[Source data]
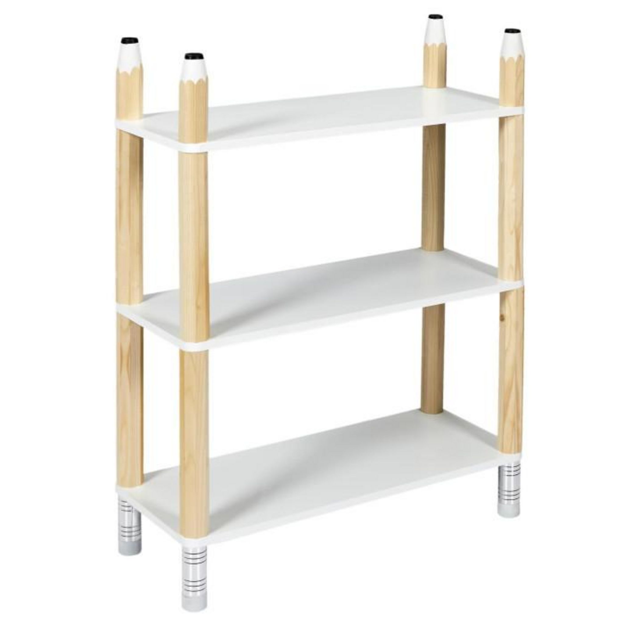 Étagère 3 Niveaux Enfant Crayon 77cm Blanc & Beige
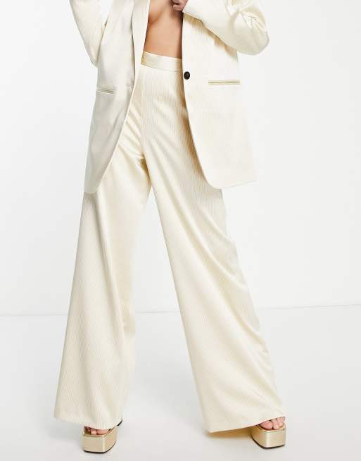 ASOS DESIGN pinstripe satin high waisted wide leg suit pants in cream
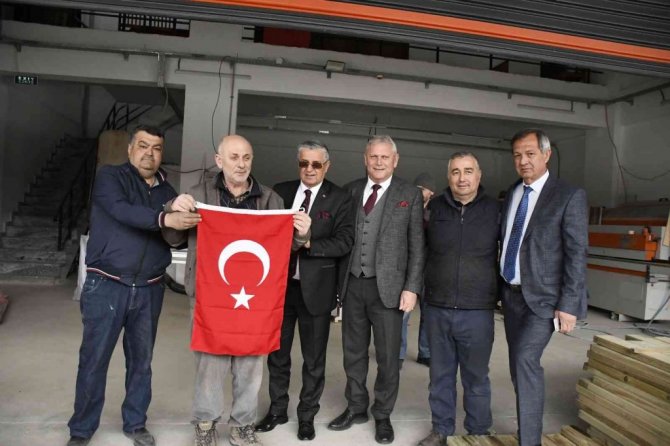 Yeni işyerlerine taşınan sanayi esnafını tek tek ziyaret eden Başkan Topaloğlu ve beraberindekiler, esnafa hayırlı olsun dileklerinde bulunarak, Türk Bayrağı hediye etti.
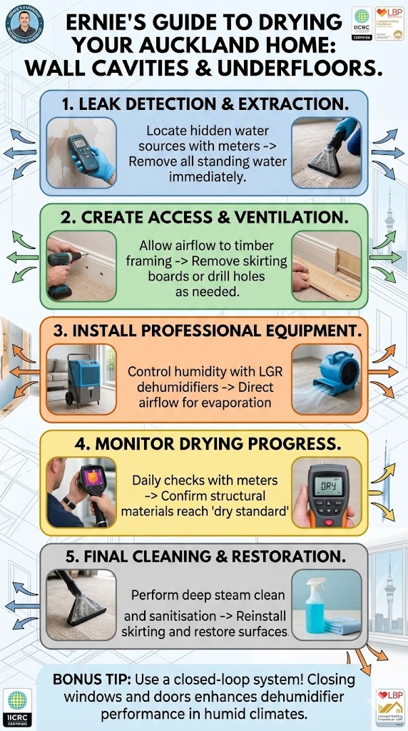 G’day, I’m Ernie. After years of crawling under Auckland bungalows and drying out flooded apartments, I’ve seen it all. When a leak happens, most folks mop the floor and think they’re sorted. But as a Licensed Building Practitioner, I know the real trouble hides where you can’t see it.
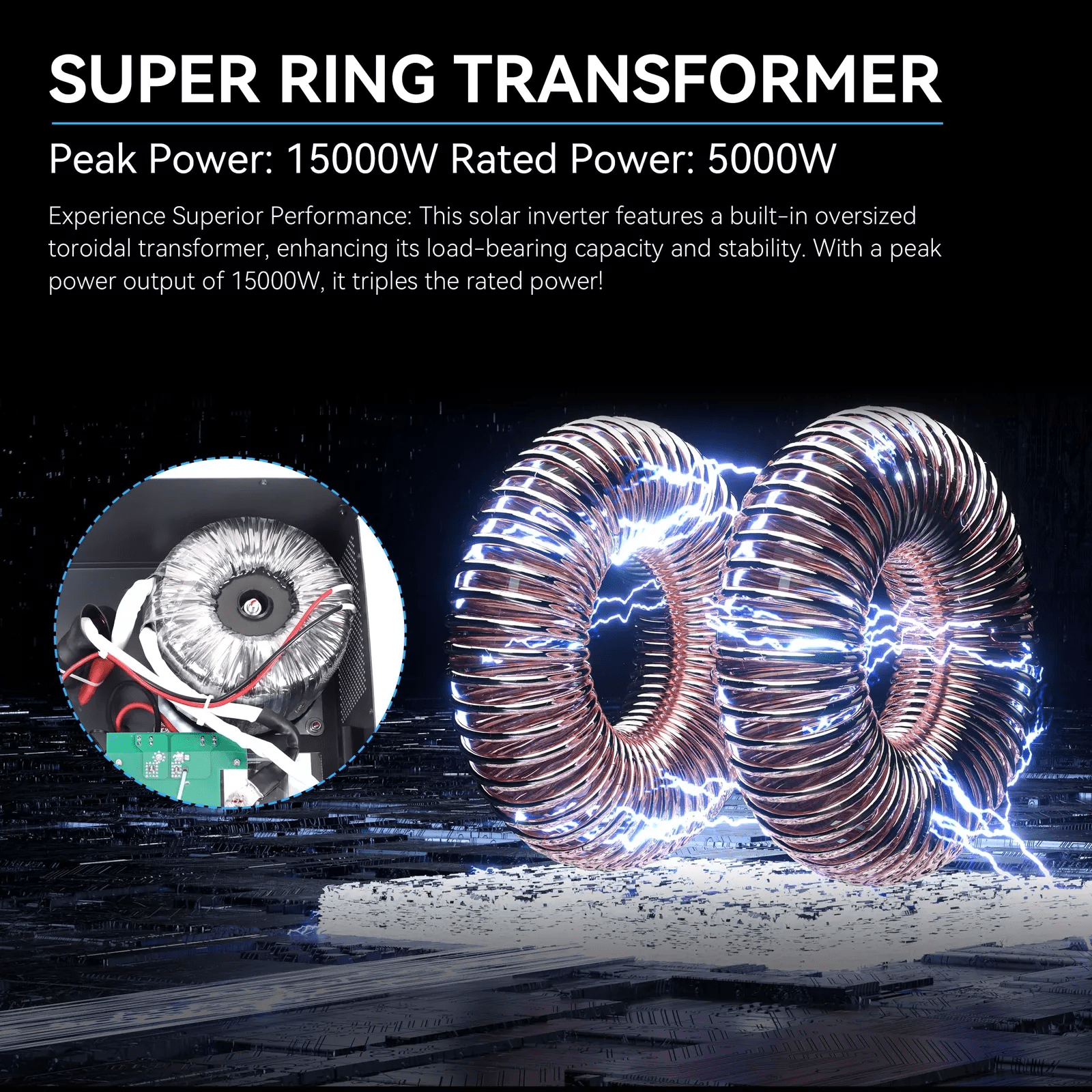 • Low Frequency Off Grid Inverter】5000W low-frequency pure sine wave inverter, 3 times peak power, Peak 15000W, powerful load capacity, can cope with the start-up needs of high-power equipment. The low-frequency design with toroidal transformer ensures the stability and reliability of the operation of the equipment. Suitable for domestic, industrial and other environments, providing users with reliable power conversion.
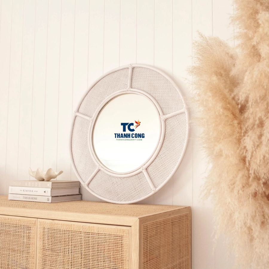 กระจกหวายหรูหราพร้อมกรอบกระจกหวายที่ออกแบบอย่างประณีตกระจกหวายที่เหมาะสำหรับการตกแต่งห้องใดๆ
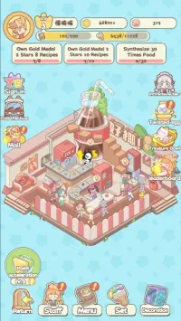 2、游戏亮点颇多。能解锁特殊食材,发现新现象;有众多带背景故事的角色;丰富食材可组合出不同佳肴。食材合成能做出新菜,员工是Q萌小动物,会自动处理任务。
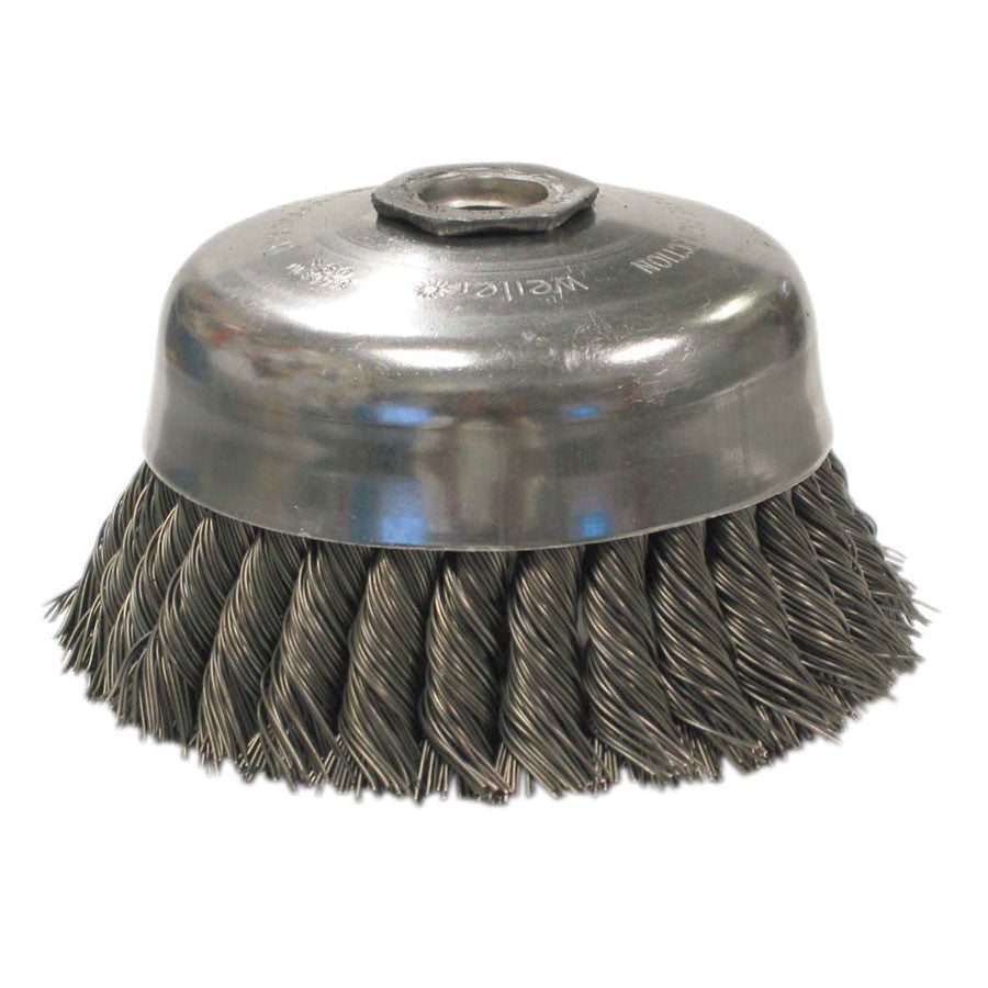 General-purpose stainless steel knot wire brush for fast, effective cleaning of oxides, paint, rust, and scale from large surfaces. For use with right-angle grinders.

▶ _WORK INSTRUCTIONS_
Your answer should consist solely of the lines from the one with "reliable power conversion." through the last line of the entries, restated word for word, with the pictures omitted.

▶ _RESPONSE AREA_
 • Low Frequency Off Grid Inverter】5000W low-frequency pure sine wave inverter, 3 times peak power, Peak 15000W, powerful load capacity, can cope with the start-up needs of high-power equipment. The low-frequency design with toroidal transformer ensures the stability and reliability of the operation of the equipment. Suitable for domestic, industrial and other environments, providing users with reliable power conversion.
 กระจกหวายหรูหราพร้อมกรอบกระจกหวายที่ออกแบบอย่างประณีตกระจกหวายที่เหมาะสำหรับการตกแต่งห้องใดๆ
 2、游戏亮点颇多。能解锁特殊食材,发现新现象;有众多带背景故事的角色;丰富食材可组合出不同佳肴。食材合成能做出新菜,员工是Q萌小动物,会自动处理任务。
 General-purpose stainless steel knot wire brush for fast, effective cleaning of oxides, paint, rust, and scale from large surfaces. For use with right-angle grinders.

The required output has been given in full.